### WHAT IS BEING ASKED
In the entries that follow, repeat exactly the lines from the one that has "写真:弊社シフト表の一例(個人情報は一部消してあります。)" through the one that has "4月25日下午,江门市新会区", but omit pictures.

### EXTRACTED RECORDS
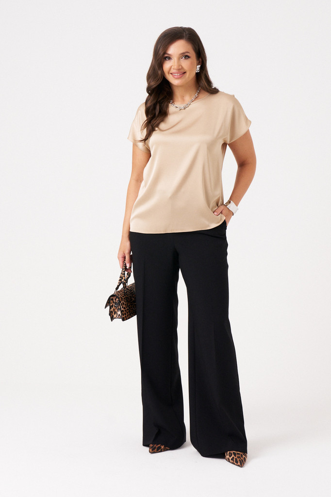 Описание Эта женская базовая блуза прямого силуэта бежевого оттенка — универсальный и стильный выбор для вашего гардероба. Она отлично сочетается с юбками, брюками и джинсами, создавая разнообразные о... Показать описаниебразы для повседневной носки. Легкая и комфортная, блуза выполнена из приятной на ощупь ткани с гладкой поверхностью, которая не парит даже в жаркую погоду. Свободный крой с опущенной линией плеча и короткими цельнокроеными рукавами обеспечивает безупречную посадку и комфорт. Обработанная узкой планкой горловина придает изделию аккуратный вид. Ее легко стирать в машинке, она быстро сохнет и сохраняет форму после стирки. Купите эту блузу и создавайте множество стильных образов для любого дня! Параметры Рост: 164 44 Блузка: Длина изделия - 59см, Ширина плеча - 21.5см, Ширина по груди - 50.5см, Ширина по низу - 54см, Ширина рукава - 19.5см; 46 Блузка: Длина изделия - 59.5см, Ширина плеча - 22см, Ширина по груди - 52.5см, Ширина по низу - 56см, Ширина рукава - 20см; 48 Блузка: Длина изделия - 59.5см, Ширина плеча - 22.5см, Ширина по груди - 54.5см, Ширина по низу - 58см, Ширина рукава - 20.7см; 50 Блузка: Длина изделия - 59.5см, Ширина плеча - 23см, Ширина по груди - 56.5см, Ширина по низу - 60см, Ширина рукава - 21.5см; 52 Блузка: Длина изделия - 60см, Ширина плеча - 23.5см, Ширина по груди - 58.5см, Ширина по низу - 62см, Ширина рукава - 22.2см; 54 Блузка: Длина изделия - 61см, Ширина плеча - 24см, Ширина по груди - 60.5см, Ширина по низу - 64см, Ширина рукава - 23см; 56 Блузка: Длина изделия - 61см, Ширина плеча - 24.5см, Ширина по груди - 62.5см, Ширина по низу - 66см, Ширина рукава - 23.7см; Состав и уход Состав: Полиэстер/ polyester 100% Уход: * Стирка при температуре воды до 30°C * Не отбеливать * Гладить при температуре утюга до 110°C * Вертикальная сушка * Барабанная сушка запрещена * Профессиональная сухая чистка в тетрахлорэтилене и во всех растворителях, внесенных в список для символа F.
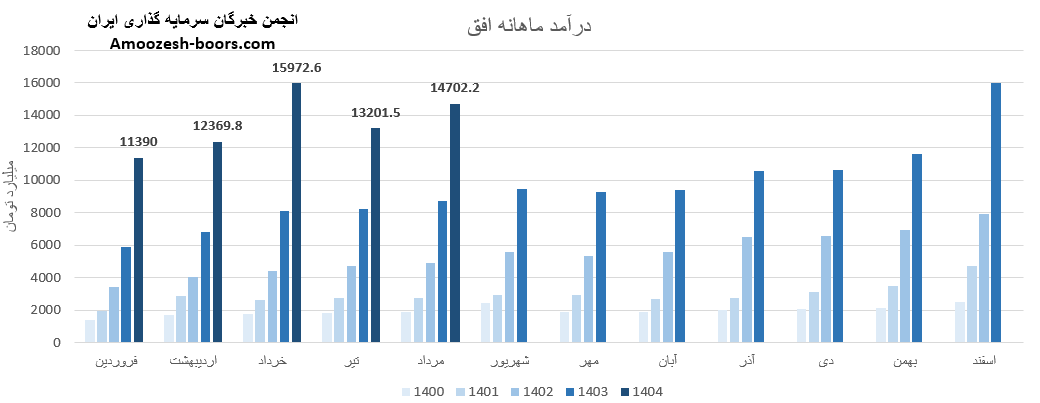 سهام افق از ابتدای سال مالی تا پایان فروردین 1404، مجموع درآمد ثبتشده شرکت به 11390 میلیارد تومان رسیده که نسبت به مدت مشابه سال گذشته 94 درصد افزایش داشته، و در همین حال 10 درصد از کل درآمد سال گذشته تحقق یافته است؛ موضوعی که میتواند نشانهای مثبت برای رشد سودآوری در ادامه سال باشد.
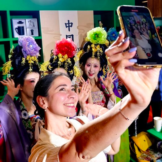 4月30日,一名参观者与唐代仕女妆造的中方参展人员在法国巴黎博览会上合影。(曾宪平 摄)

---

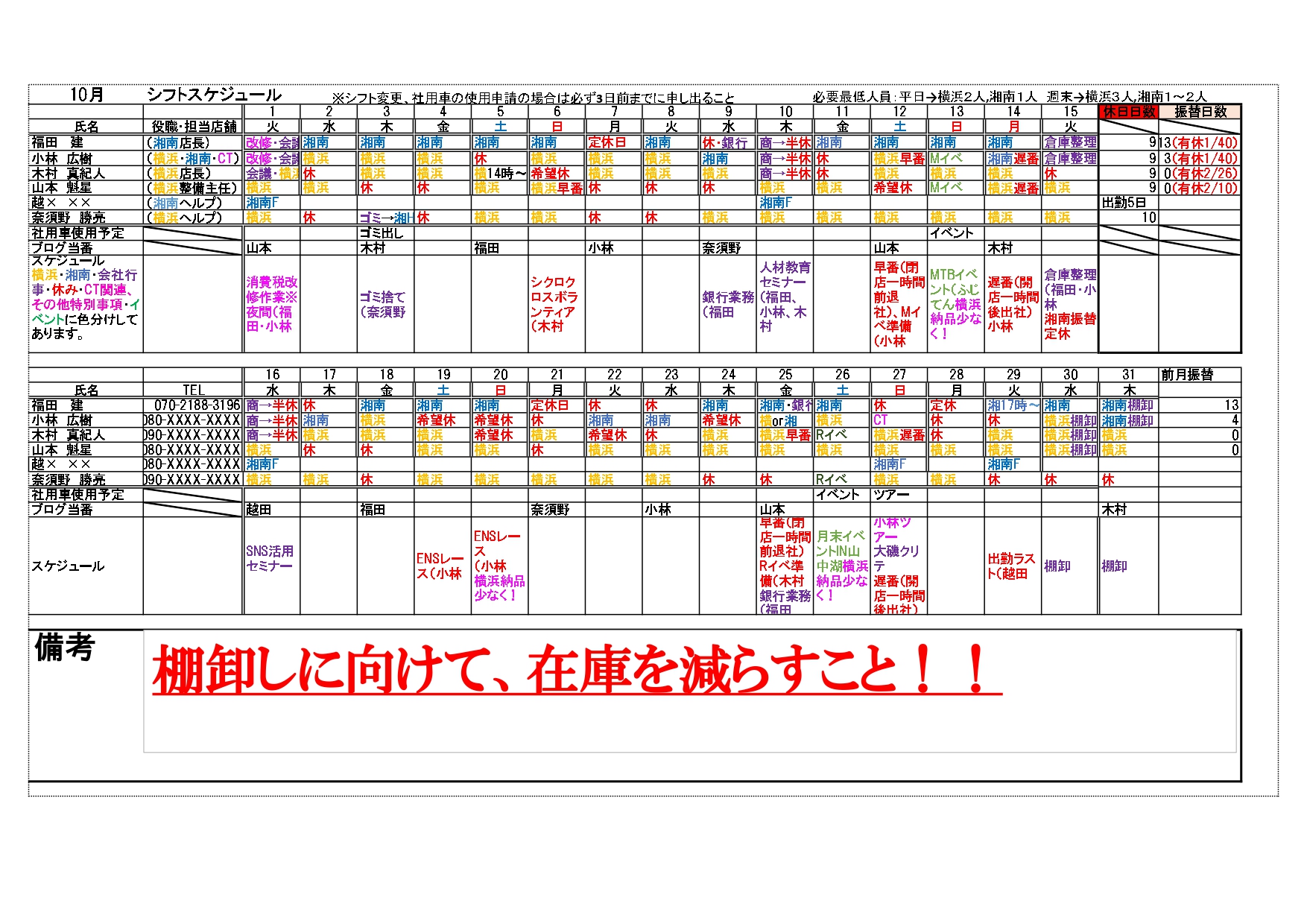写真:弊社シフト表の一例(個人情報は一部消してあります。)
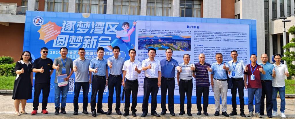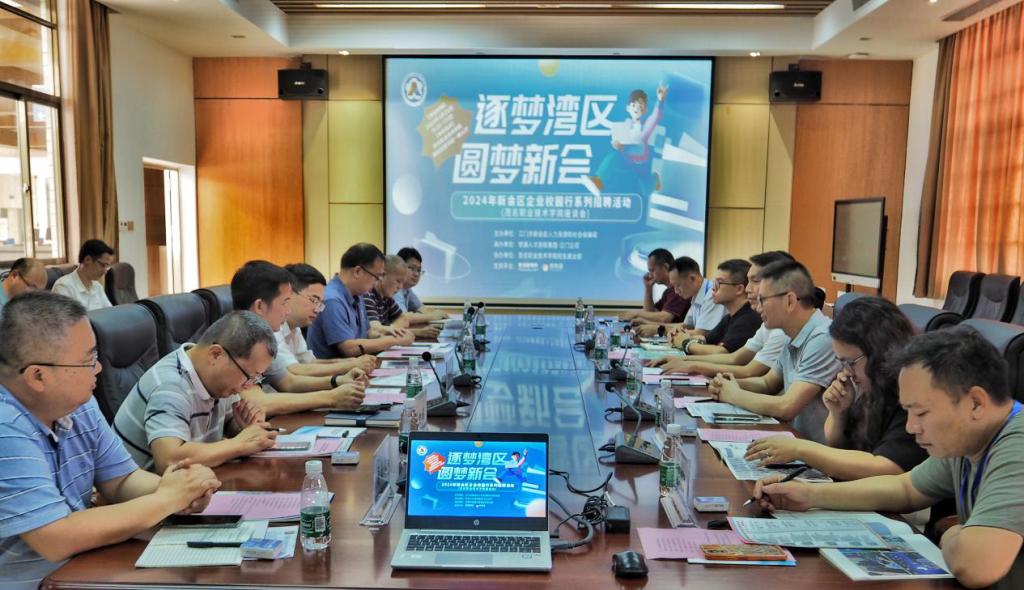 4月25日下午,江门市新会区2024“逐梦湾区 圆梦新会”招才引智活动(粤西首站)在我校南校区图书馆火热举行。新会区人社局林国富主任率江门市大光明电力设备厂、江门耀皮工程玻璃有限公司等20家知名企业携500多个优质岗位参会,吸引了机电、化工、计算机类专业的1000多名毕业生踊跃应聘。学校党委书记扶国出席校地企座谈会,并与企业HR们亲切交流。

### WRITTEN REPLY
写真:弊社シフト表の一例(個人情報は一部消してあります。)
 4月25日下午,江门市新会区2024“逐梦湾区 圆梦新会”招才引智活动(粤西首站)在我校南校区图书馆火热举行。新会区人社局林国富主任率江门市大光明电力设备厂、江门耀皮工程玻璃有限公司等20家知名企业携500多个优质岗位参会,吸引了机电、化工、计算机类专业的1000多名毕业生踊跃应聘。学校党委书记扶国出席校地企座谈会,并与企业HR们亲切交流。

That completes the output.